Work order:
Your copy of the data should match it exactly, except that the pictures are gone.

=== Supplied data ===

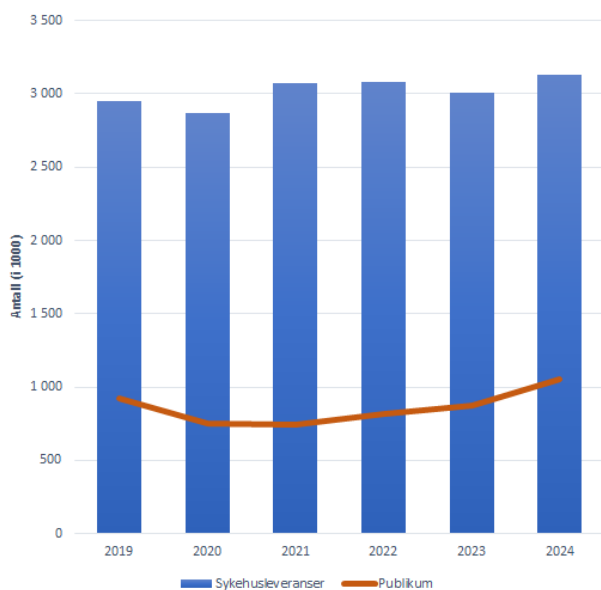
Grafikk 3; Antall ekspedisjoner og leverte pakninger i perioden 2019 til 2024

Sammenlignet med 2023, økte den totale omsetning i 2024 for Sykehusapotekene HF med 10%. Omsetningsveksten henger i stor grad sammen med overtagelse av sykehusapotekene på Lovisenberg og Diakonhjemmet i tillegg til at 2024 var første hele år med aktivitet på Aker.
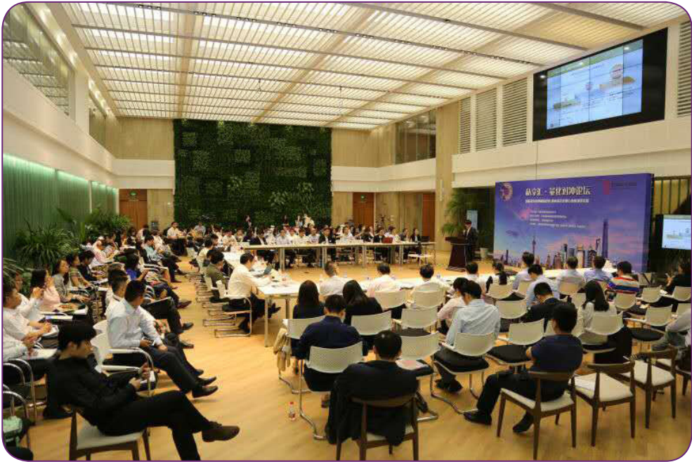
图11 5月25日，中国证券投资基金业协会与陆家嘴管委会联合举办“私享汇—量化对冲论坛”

===

Result:
Grafikk 3; Antall ekspedisjoner og leverte pakninger i perioden 2019 til 2024

Sammenlignet med 2023, økte den totale omsetning i 2024 for Sykehusapotekene HF med 10%. Omsetningsveksten henger i stor grad sammen med overtagelse av sykehusapotekene på Lovisenberg og Diakonhjemmet i tillegg til at 2024 var første hele år med aktivitet på Aker.
图11 5月25日，中国证券投资基金业协会与陆家嘴管委会联合举办“私享汇—量化对冲论坛”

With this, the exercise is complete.